Rationale and Objectives
This study aimed to determine whether mammographic features assessed by radiologists and using computer algorithms are prognostic of occult invasive disease for patients showing ductal carcinoma in situ (DCIS) only in core biopsy.
Materials and Methods
In this retrospective study, we analyzed data from 99 subjects with DCIS (74 pure DCIS; 25 DCIS with occult invasion). We developed a computer-vision algorithm capable of extracting 113 features from magnification views in mammograms and combining these features to predict whether a DCIS case will be upstaged to invasive cancer at the time of definitive surgery. In comparison, we also built predictive models based on physician-interpreted features, which included histologic features extracted from biopsy reports and Breast Imaging Reporting and Data Systems (BI-RADS) related mammographic features assessed by two radiologists. The generalization performance was assessed using leave one out cross validation with the receiver operating characteristic (ROC) curve analysis.
Results
Using the computer-extracted mammographic features, the multivariate classifier was able to distinguish DCIS with occult invasion from pure DCIS, with an area under the curve for ROC (AUC-ROC) equal to 0.70 (95% CI: 0.59–0.81).

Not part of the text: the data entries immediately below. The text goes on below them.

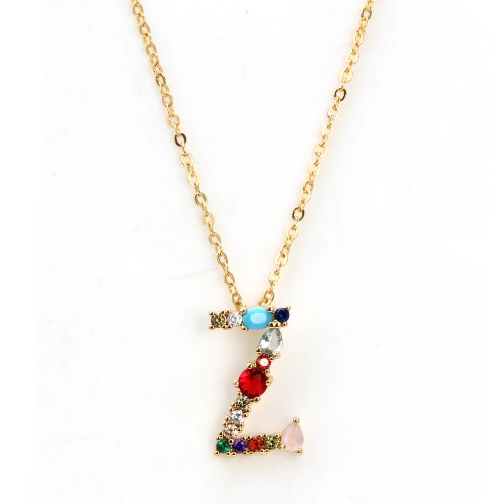 discounted EVIL EYE Pendant Necklace Gold Color Long Chain 26 Initial Letter Necklace CZ Micro Pave Charm Jewe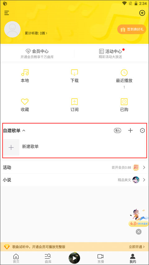 1、从【首页】切换到【我的】界面,在自建歌单中点击新建歌单。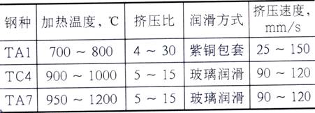 需要指出的是,鈦及鈦合金優(yōu)質(zhì)產(chǎn)品的擠壓,要求在保持工具有滿意壽命的條件下制定正確的生產(chǎn)工藝,即要求溫度、擠壓速度、擠壓比及潤滑方式的配合。上表列舉了典型鋼種擠壓棒材的參數(shù)。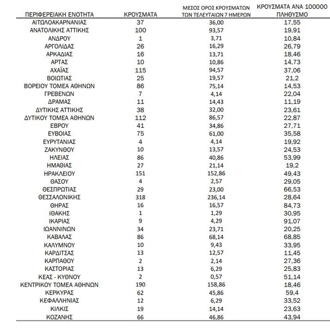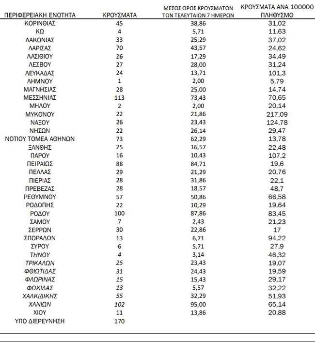 Αναλυτικά τα κρούσματα σε όλη την Ελλάδα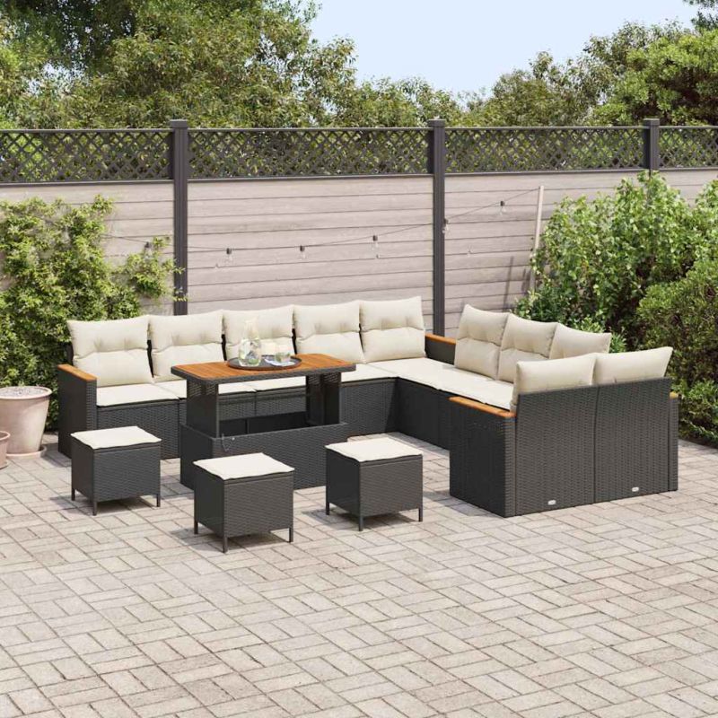 Градински Софа Комплект с възглавница 14 pcs Черно Полиратан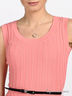 Трикотажное платье без рукавов с глубоким круглым вырезом. Декорировано функциональным поясом. Трикотажная ткань в рубчик.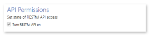 From the API Security page, add a check-mark to the option Turn RESTful API on (turned off by default).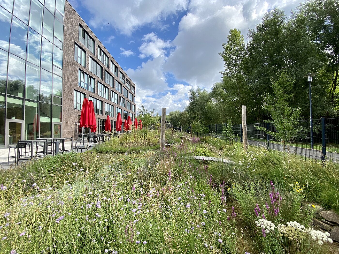 Großflächige Gebäude, asphaltierte Parkplätze und breite Straßen prägen Industrie- und Gewerbegebiete. Diese baulichen Strukturen bringen Vorteile für Logistik und Produktion, sind aber auch mit besonderen Herausforderungen verbunden, wenn es um die Folgen des Klimawandels geht. Im interkommunalen Gewerbegebiet Mönchhof der Kommunen Raunheim und Kelsterbach erläuterte das Hessische Landesamt für Naturschutz, Umwelt und Geologie (HLNUG) heute, wie sich solche Standorte anpassen können.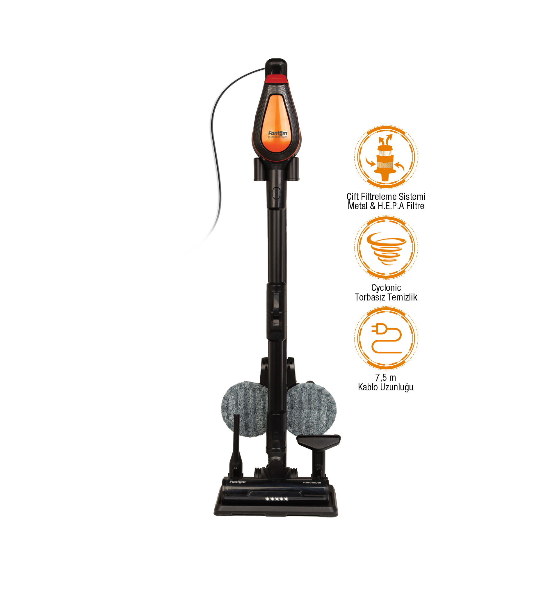 500 W Cyclone teknolojili dikey elektrikli süpürge, güçlü emiş performansı ile etkili temizlik sunar. LED’li motorlu turbo başlığı ve saç dolanmasını önleyen özel fırça tasarımı sayesinde halılarda derinlemesine temizlik sağlar. Ovalayarak silen mop başlığı ve yıkanabilir pedleri ile hijyenik zemin temizliği sunar.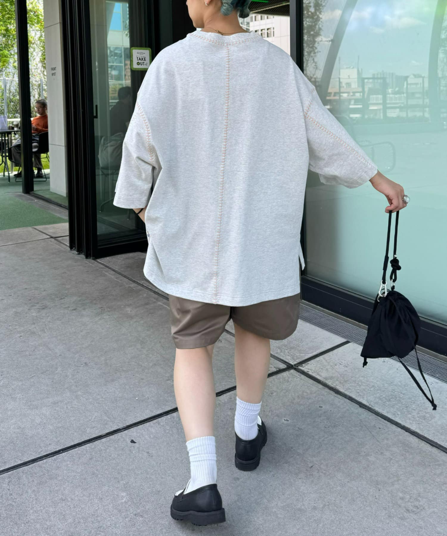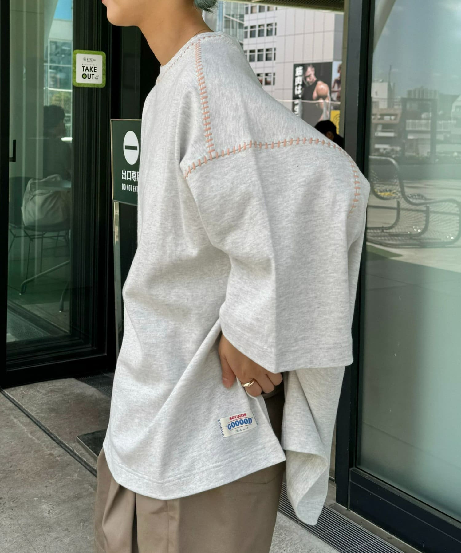 【SOUNDS GOOOOD / 聲音不錯】配色縫線側開叉T恤 短袖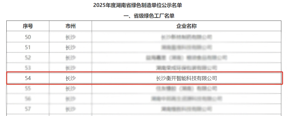 近日,湖南省工业和信息化厅正式公示 2025 年度湖南省绿色制造单位名单。其中,长沙衡开智能科技有限公司凭借在绿色制造领域的深耕实践与突出成果成功入选,跻身 “湖南省绿色工厂” 行列。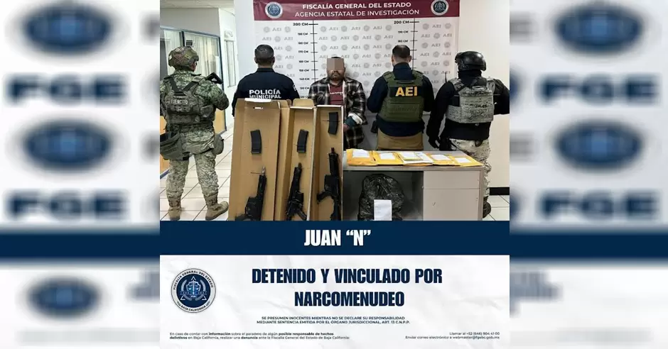 TECATE.- La Fiscalía Regional de Tecate informa que, mediante el trabajo coordinado de la Unidad de Investigación de Delitos con Detenido y la Agencia Estatal de Investigación, se logró la captura y vinculación a proceso de Juan "N" por los delitos contra la salud en la modalidad de narcomenudeo, en su variante de posesión de metanfetamina, así como por un delito del orden federal.

The physician-interpreted features including histologic features and BI-RADS related mammographic features assessed by two radiologists showed mixed results, and only one radiologist’s subjective assessment was predictive, with AUC-ROC equal to 0.68 (95% CI: 0.57–0.81).
Conclusion
Predicting upstaging for DCIS based upon mammograms is challenging, and there exists significant inter-observer variability among radiologists. However, the proposed computer-extracted mammographic features are promising for the prediction of occult invasion in DCIS.